Data for the task.
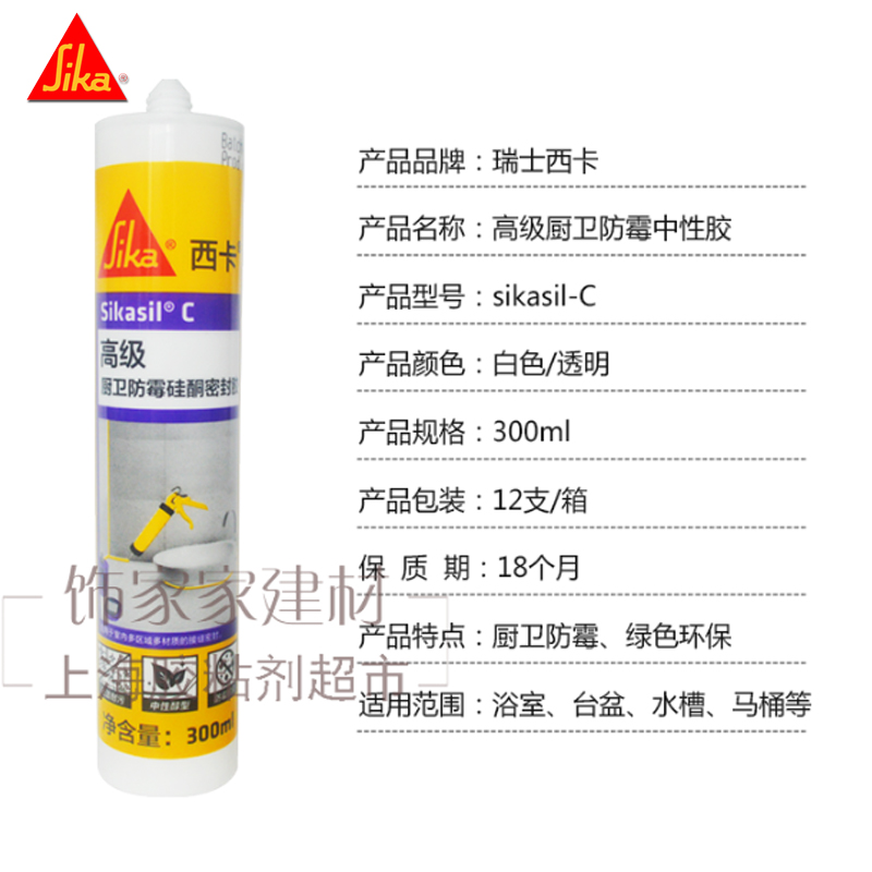 西卡玻璃胶防霉防水密封胶门窗厨房卫生间透明瓷白色硅酮中性浴室
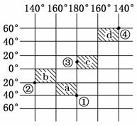 22.图中a、b、c、d四个区域,实际面积最小的是 ( )
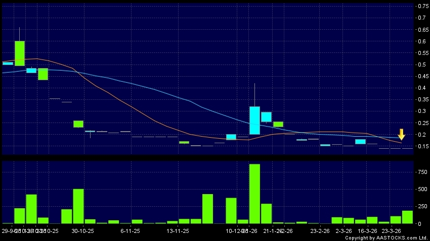 FSM HOLDINGS(01721.HK) 0.000 (0.000%) 10天移動平均線跌穿20天移動平均線,出現死亡交叉。現價報0.140,無升跌,成交量19.00萬股,成交額2.66萬。
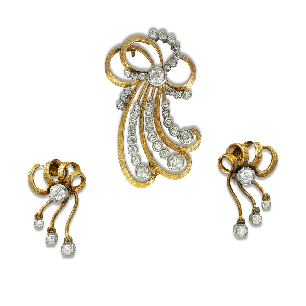 Parure in oro giallo e bianco 18kt e diamantianni 40/50peso 33,5 gr.composta da spilla e orecchini en suite realizzata in oro con incastonati diamanti taglio brillante vecchio ct 4,50 circa
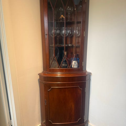 Hjørneskab, b: 95 d: 55 h: 167, Gammelt antik hjørneskab med glas i lågen og hylder indvendig.
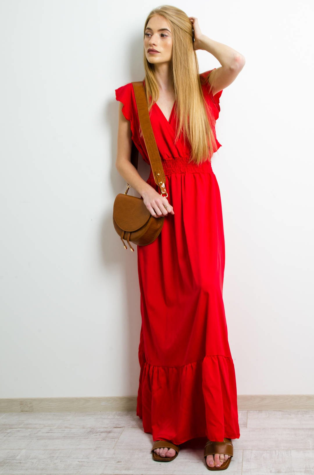 DŁUGA CZERWONA SUKIENKA Z KOPERTOWYM DEKOLTEM
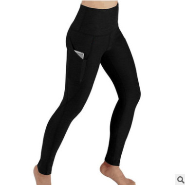 亞馬遜跨境運動健身服緊身褲女彈力高腰收腹提臀瑜伽褲側(cè)口袋爆款
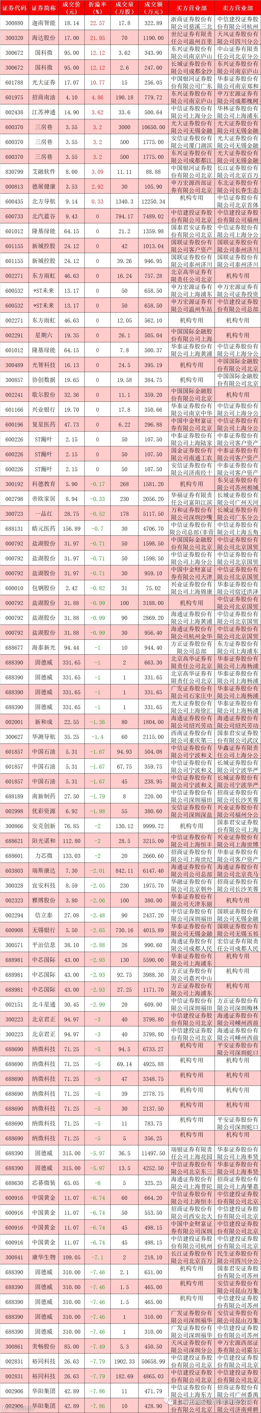 I 每日大宗交易数据统计
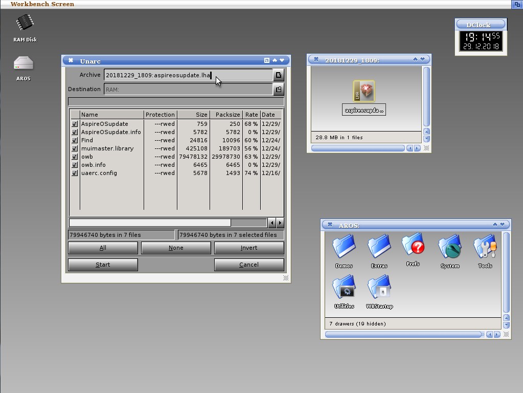 AspireOS Aggiornamento della distro AROS dove gli utenti Amiga si sentiranno a casa, il sistema è molto somigliante ad Amiga OS ad eccezione del BoingIconBar ispirato ad una toolbar usata nei MAC. Aspire OS è di piccole dimensioni la ISO può essere masterizzata e avviata da PC dove sarà possibile installare il sistema su HD, Pendrive, SD, o HD Esterno, AspireOS come da scelta del suo autore non può essere installata su Macchine Virtuali salvo particolari smanettamenti fatti dall'utente esperto.

Activity. Give again, exactly as written, the lines from the one with "I 每日大宗交易数据统计" through the last line of the entries above, but skip the pictures.

Answer for the task.
 I 每日大宗交易数据统计
 AspireOS Aggiornamento della distro AROS dove gli utenti Amiga si sentiranno a casa, il sistema è molto somigliante ad Amiga OS ad eccezione del BoingIconBar ispirato ad una toolbar usata nei MAC. Aspire OS è di piccole dimensioni la ISO può essere masterizzata e avviata da PC dove sarà possibile installare il sistema su HD, Pendrive, SD, o HD Esterno, AspireOS come da scelta del suo autore non può essere installata su Macchine Virtuali salvo particolari smanettamenti fatti dall'utente esperto.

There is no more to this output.